Author for Correspondence:
[email protected] Received: 01-07-2013
Revised: 07-07-2013
Accepted: 10-07-2013
Available online: 01-09-2013
ABSTRACT Bidens pilosa L. (Asteraceae) is a plant commomly used in traditional medicine to treat several ailments. The effects of a chromatographic fraction isolated from the aqueous leaf extract (BpF2) were investigated for the acute toxicity in mice, isolated rat heart and rabbit ECG. The graphic method of Miller and Tainter (1944) permitted to determine a LD50 of 429.14 ± 28.11 mg/kg b.w. while the calculation method of Dragsted and Lang (1957) gave 452.50 ± 23.10 mg/kg b.w. as LD50. BpF2 induced negative inotropic and chronotropic effects on isolated rat heart preparations for concentrations ranging from 10-12 to 10-4 mg/ml.

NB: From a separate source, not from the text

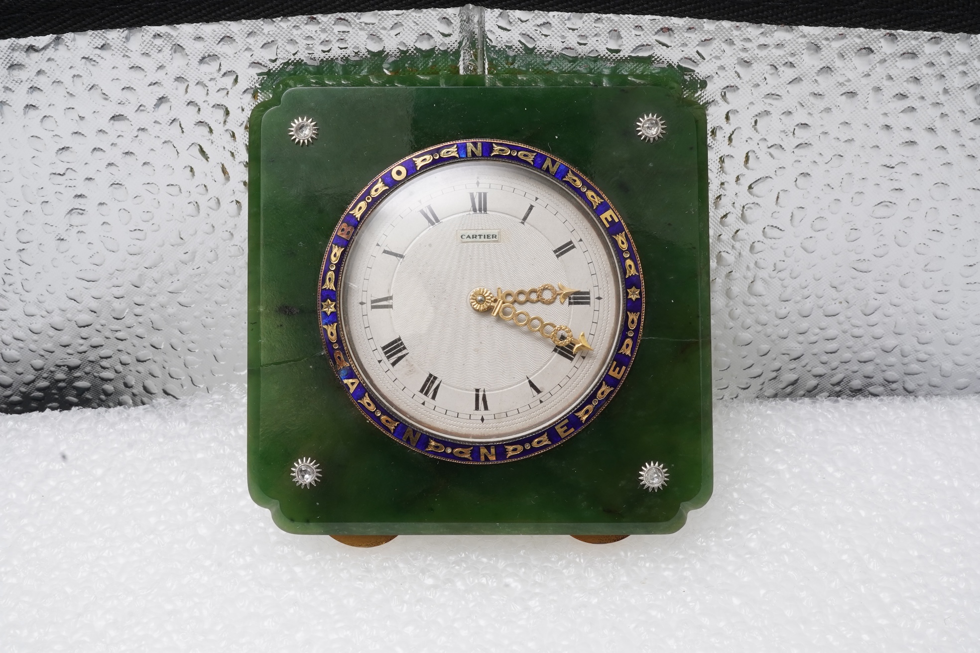 An Art Deco nephrite, enamel and diamond desk timepiece, circa 1920, the silvered dial with engine turned decoration, with black Roman numeral indicators and gold openwork hands of laurel wreath design, within a border applied with deep blue enamel, the words 'BONNE ANNEE' ('Happy New Year') in reserve, within a mount of square outline with bevelled 'Japanese' corners in polished nephrite, accented to each corner with a rose-cut diamond in a star-shaped mount, the reverse with a hinged gilt metal strut, dial approximately measuring approximately 4.5cm, overall approximately 7.5 x 7.5 x 2.8cm including base back and winder, dial with applied plaque inscribed Cartier, strut numbered 519 and 4362, movement unsigned, numbered 154474, and 474, restoration

Those effects were significantly attenuated by the use of atropine, a muscarinic cholinoceptors antagonist. The dose-response effect (5-25 mg/kg b.w.) on anesthetized rabbit ECG revealed a decrease of P, QRS, T waves and the cardiac frequency. In contrast, PQ interval was increased and QT interval was not significantly affected. These results indicated that BpF2 was relatively toxic but could be used with caution. The cardioinhbition induced suggested the presence of cholinomimetic substances acting via muscarinic M 2 receptors and the non significant variation of QT interval was important in so far as an extension of this interval could be source of arrhythmia induction. Key words: Bidens pilosa, Acute toxicity, ECG, Isolated rat heart, cholinomimetic substances.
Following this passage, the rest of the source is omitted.